In many cities, it is the fast food joints that are working the current, hauling in throngs of passing students and locals who are eating on the hoof. As compelling as the lure of the city is, moving here exposes us to an environment where pollution seeps into every crevice of our existence: fumes; smells; litter; occasional effluent; excessive light; brain-jarring noise; heat build-up.
All of these fit into the dictionary definition of ‘pollution’, the act of dumping harmful substances into the soil, air or water in a way that damages living creatures or the healthy functioning of the environment. Our cities make us fat and sick, and junk food is so much a part of the problem.
But what if we started seeing it as a form of nutritional pollution, and applied the environmental principle of ‘the polluter pays’ to deal with the mop-up operation as our urban population slumps under the burden of obesity and its conjoined conditions of diabetes, heart disease and certain cancers associated with being too heavy?
The industrial food system and the predatory nature of the fast food industry are contributing to our deteriorating relationship with food and subsequent health problems. City life changes the way we eat and move, and not always for the better. Generally, we ditch the frumpy old provincial foods we grew up on, and fall for the seductive taste of highly processed, less diverse, low-fibre foods.

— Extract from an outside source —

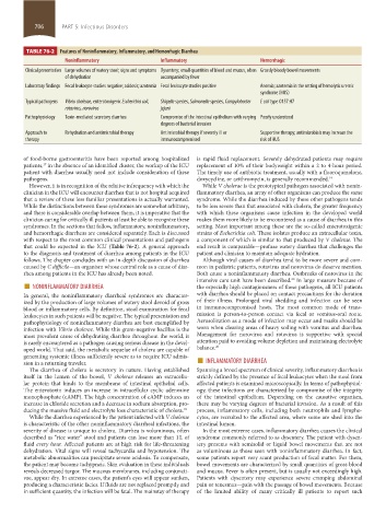 TABLE 76-2 Features of Noninflammatory, Inflammatory, and Hemorrhagic Diarrhea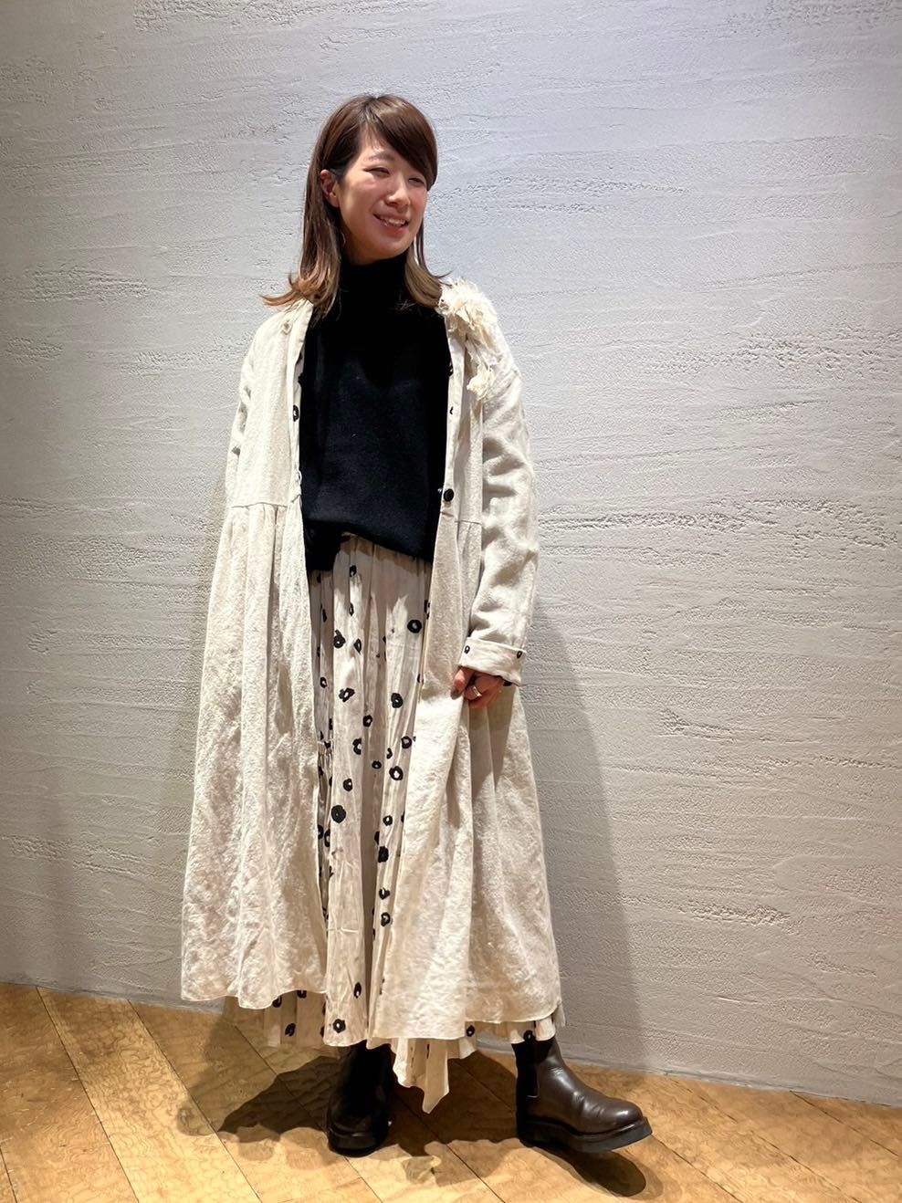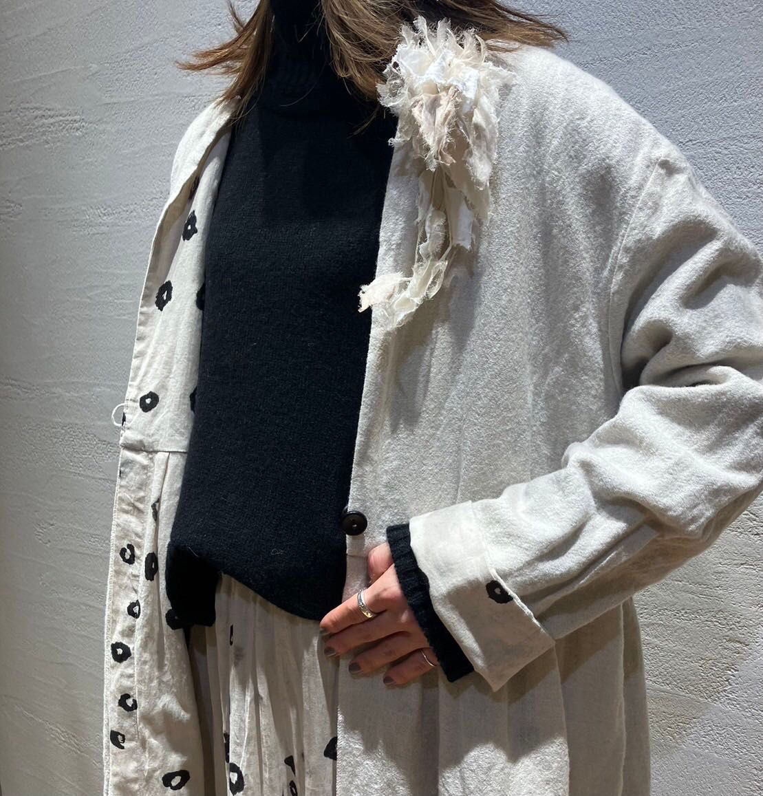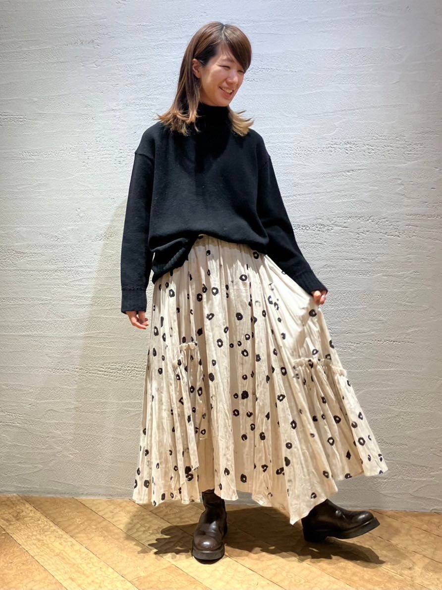 ボイルリングドットの柄が目を惹くイレギュラーヘムのフレアギャザースカートに同柄のリバーシブルコートと合わせました。

This nutritional transition is occurring across the developing world’s cities as people abandon traditional diets for food that is quick to get hold of (no more hours of slaving over the stove), tasty (packed with sugars, fats and salts that tickle the pleasure centre in the brain) and cheap (factory production lines bring down the cost).

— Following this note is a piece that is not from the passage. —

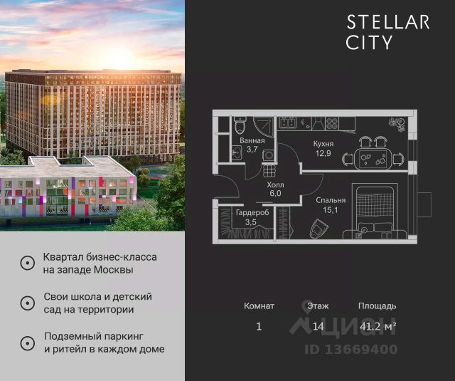 Продается квартира от надежного застройщика Tashir Estate в квартале бизнес-класса Stellar City в ЗАО Москвы. Площадь квартиры составляет: 61.3 кв. м, потолки: 2.9 м Квартира находится на 11 этаже, 4 корпуса жилого квартала Stellar City — микрогорода будущего на орбите Москвы. Stellar City — квартал в ЗАО Москвы вблизи инновационного центра Сколково. В окружении — 11 парков и природных зон, в том числе Долина реки Сетунь, Мещерский лес и парк развлечений The Rink. Город в городе Чтобы дом и инфраструктура вокруг отвечала динамичному лайфстайлу жителя мегаполиса, в основу проекта легла концепция город в городе, которая позволяет решать все бытовые вопросы in-home. В квартале будут возведены школа и детский сад, воркаут-зоны, променад, вело и беговые дорожки, детские площадки для каждого корпуса, а также коммерция на первых этажах для ежедневных покупок. Все необходимое — на расстоянии нескольких шагов. Изящные и лаконичные лобби Авторский дизайн, натуральные материалы в отделке и безупречный интерьер вне времени. Лобби и холлы в проекте бизнес-класса Stellar City ничем не отличаются от входных групп в премиум-сегменте благодаря качественным европейским материалам в отделке, стильному дизайну, консьерж-сервису и уютной зоне ожидания с журнальными столиками и мягкой мебелью. Комфорт и безопасность Закрытая территория, охрана, система СКУД, специально разработанное мобильное приложение дома для резидентов и подземный паркинг с круглосуточным наблюдением и доступом с помощью автоматического считывания номера авто. Продается квартира в ЖК Stellar City в Москве.
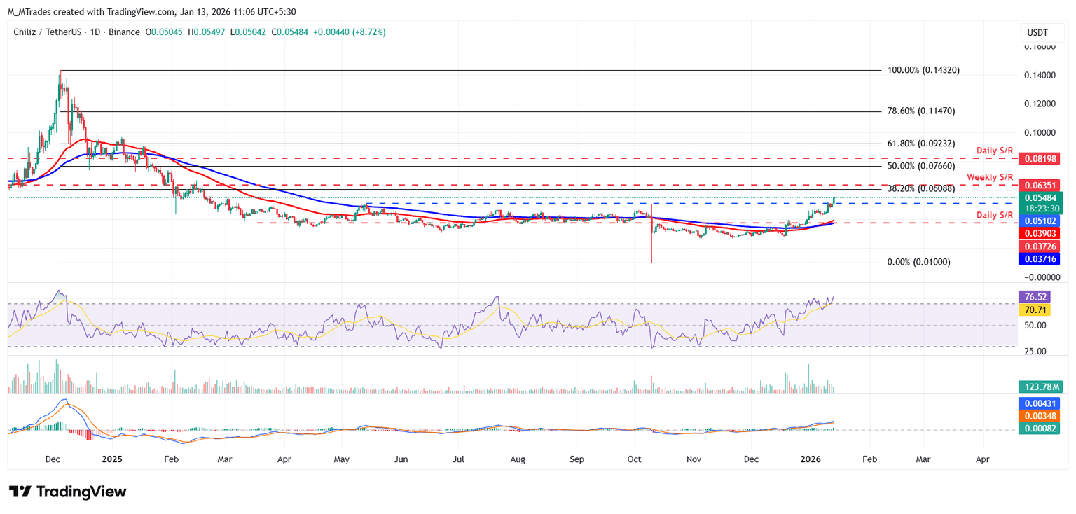 Pronóstico de Chiliz: CHZ extiende el repunte por encima de 0.054$ a pesar de las señales de sobrecalentamiento en cadena

Combined with the fact that urban sprawl pushes us off our feet and into cars, buses and trains, we are seeing obesity rates skyrocketing in urban African populations.
Around the world, populations have been getting heavier since the 1970s. And while the estimated 1.7 billion overweight or obese people are still concentrated in rich countries, ‘overweight and obesity have been increasing exponentially in several regions of the developing world, particularly Latin America and the Caribbean and North Africa’, according to the United Nation’s Food and Agriculture Organization.
In South Africa, for instance, just over half of all people who are fifteen years or older are overweight or obese. The World Health Organization (WHO) estimates that deaths associated with rising lifestyle-related diseases will ‘almost equal’ the combined deaths caused by communicable, maternal, perinatal and nutritional diseases in Africa by 2020. Until now, obesity was seen as the problem of the individual. If you are fat, it is because you are weak-willed.
But, as The Lancet points out in its 2011 special report on obesity, our ballooning weight is the result of a ‘normal response by normal people to an abnormal environment’. Modern city life makes it too easy to make bad food-lifestyle choices, and too hard to make good ones, to paraphrase the recent report of the United Kingdom’s House of Lords on the issue.
The global food industry has tailored its recipes to target the reward centres in our brains and is raking in the profits of our resulting addiction to junk food. And government healthcare systems are left mopping up the damage as they fork out to treat rising numbers of diabetics and heart disease patients.
In terms of how we deal with the burgeoning obesity rates, The Lancet claims that it is too much to leave it to individuals to fix themselves, and that food companies have been left to self-regulate for too long, without much effect. What if we started looking at the continent’s growing obesity problem in the way we view pollution, and apply the environmental principle of the polluter pays? You spill it, you pay to clean it up.
The problem, though, is that with food, you cannot necessarily show direct cause and effect: this burger chain contributed to Person X running up a bill of Y amount on insulin shots or hypertensive drugs. Maybe the answer is a sin tax on fast foods that gets ring-fenced by the Receiver of Revenue to prop up a country’s healthcare budget.
Sure, a sin tax would still come out of the public’s pocket, but there would be some choice involved. A tax like this would also push up the price of fast foods, which might make healthier foods a bit cheaper by comparison. Food companies should be required to put healthier food options on their menus, decrease the use of fats and sugars, and write up the nutritional contents of their products on the packaging.
They should also be made to ease off on pushing their products to children and adolescents. Either way, the food industry’s joyride on the back of neoliberalism needs to have the brakes applied.